--- Dataset entries Enclosed Below ---

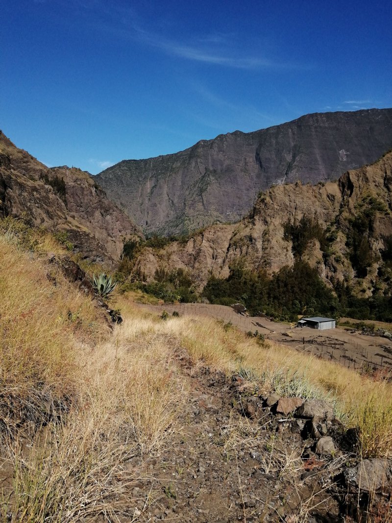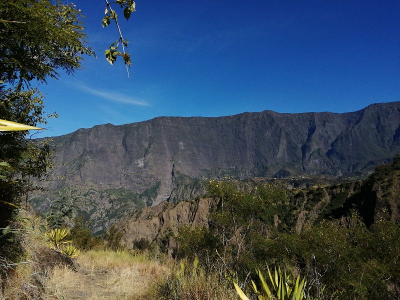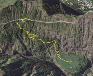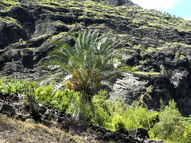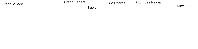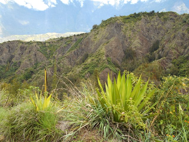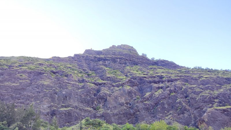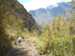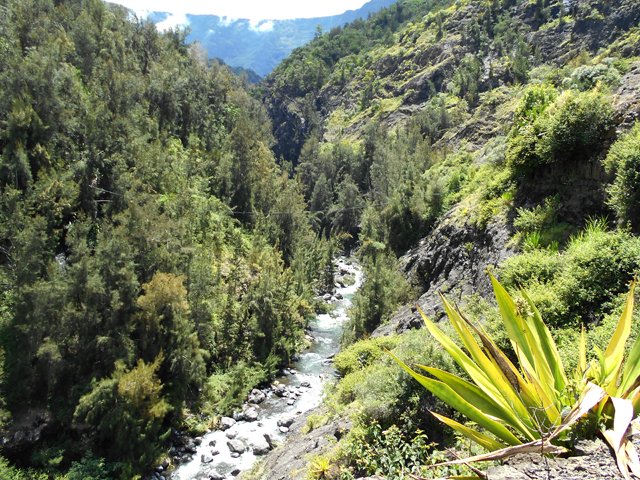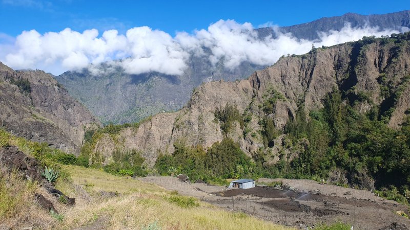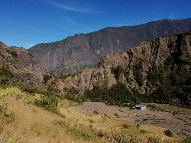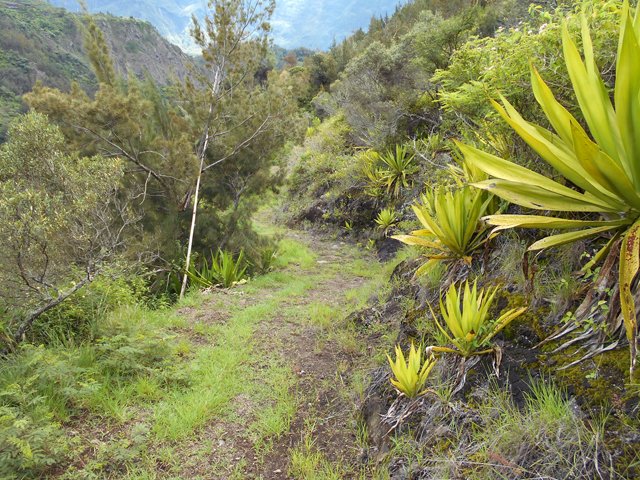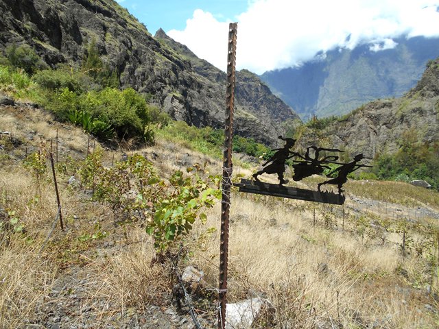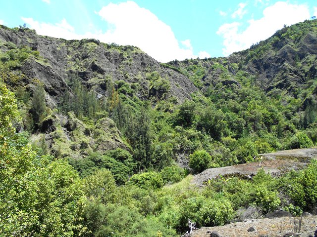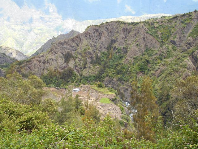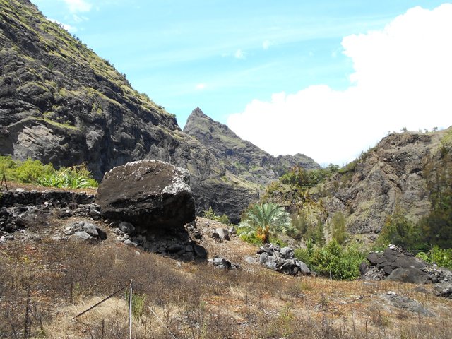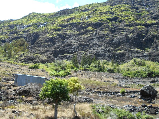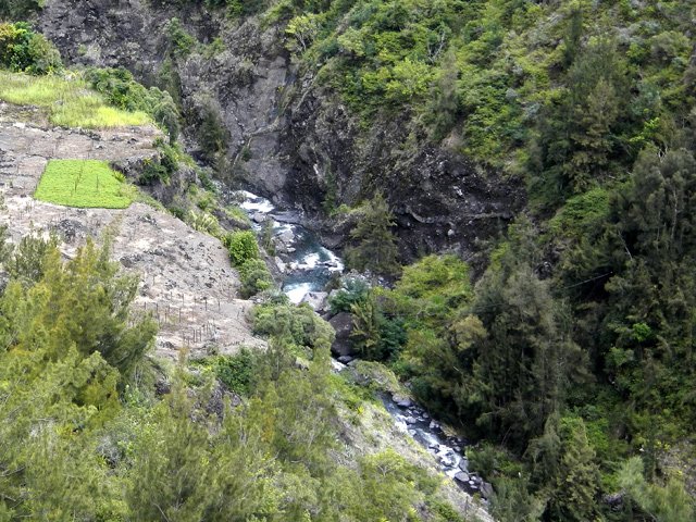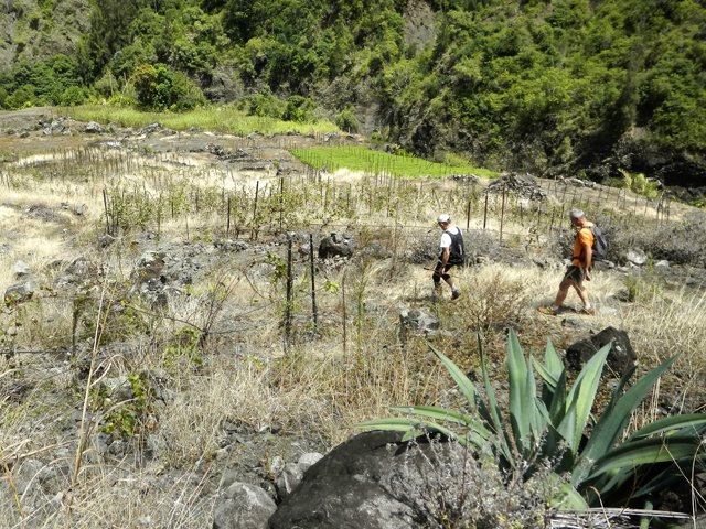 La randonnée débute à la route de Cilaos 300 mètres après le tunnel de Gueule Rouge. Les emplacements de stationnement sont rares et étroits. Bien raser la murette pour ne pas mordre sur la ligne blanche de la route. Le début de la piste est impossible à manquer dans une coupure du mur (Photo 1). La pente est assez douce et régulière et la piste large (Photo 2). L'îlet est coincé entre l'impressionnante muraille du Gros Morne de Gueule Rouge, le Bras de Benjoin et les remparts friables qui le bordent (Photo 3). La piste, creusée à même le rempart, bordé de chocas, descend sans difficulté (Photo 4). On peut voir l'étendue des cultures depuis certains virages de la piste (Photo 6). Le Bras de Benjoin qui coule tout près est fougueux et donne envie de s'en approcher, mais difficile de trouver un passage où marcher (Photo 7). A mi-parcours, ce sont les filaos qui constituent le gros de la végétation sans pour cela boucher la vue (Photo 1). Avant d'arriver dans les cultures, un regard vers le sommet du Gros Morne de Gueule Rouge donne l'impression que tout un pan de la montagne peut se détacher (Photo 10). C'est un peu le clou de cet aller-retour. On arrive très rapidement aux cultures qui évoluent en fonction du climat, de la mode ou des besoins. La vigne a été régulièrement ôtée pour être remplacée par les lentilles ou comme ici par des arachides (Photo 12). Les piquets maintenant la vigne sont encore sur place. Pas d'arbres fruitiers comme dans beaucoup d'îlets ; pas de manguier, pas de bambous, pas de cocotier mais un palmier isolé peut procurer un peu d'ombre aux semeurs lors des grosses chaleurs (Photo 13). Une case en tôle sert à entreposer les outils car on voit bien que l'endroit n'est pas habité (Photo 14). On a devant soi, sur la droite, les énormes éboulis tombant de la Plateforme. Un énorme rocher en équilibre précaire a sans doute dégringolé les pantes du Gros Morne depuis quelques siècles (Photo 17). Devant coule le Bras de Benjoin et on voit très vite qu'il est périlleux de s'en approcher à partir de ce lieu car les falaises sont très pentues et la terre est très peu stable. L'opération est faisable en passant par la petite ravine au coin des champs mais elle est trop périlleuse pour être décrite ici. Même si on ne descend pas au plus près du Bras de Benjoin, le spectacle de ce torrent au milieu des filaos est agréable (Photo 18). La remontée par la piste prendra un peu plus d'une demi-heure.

--- End of Enclosed Dataset entries ---
--- Dataset entries Enclosed Below ---

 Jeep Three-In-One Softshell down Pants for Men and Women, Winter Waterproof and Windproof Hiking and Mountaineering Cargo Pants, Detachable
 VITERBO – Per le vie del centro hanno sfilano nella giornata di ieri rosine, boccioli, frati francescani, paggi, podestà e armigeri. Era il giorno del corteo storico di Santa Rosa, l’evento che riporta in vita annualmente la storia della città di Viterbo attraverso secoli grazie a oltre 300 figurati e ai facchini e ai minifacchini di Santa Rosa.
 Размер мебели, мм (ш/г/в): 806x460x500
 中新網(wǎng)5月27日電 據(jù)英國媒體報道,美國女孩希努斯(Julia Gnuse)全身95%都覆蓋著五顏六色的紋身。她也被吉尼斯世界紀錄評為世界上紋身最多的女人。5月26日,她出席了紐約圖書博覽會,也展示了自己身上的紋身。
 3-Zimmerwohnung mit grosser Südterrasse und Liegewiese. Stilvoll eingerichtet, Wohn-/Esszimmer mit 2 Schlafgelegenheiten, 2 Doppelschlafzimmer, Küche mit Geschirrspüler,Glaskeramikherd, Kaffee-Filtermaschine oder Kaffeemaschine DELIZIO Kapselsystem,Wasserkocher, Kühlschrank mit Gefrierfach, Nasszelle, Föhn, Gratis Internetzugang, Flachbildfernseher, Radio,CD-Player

--- End of Enclosed Dataset entries ---

> Task prompt
From the line containing "Размер мебели, мм (ш/г/в): 806x460x500" down to the line containing "3-Zimmerwohnung mit grosser" in the material above, reproduce every line exactly, including the two end lines.

> Exercise output
 Размер мебели, мм (ш/г/в): 806x460x500
 中新網(wǎng)5月27日電 據(jù)英國媒體報道,美國女孩希努斯(Julia Gnuse)全身95%都覆蓋著五顏六色的紋身。她也被吉尼斯世界紀錄評為世界上紋身最多的女人。5月26日,她出席了紐約圖書博覽會,也展示了自己身上的紋身。
 3-Zimmerwohnung mit grosser Südterrasse und Liegewiese. Stilvoll eingerichtet, Wohn-/Esszimmer mit 2 Schlafgelegenheiten, 2 Doppelschlafzimmer, Küche mit Geschirrspüler,Glaskeramikherd, Kaffee-Filtermaschine oder Kaffeemaschine DELIZIO Kapselsystem,Wasserkocher, Kühlschrank mit Gefrierfach, Nasszelle, Föhn, Gratis Internetzugang, Flachbildfernseher, Radio,CD-Player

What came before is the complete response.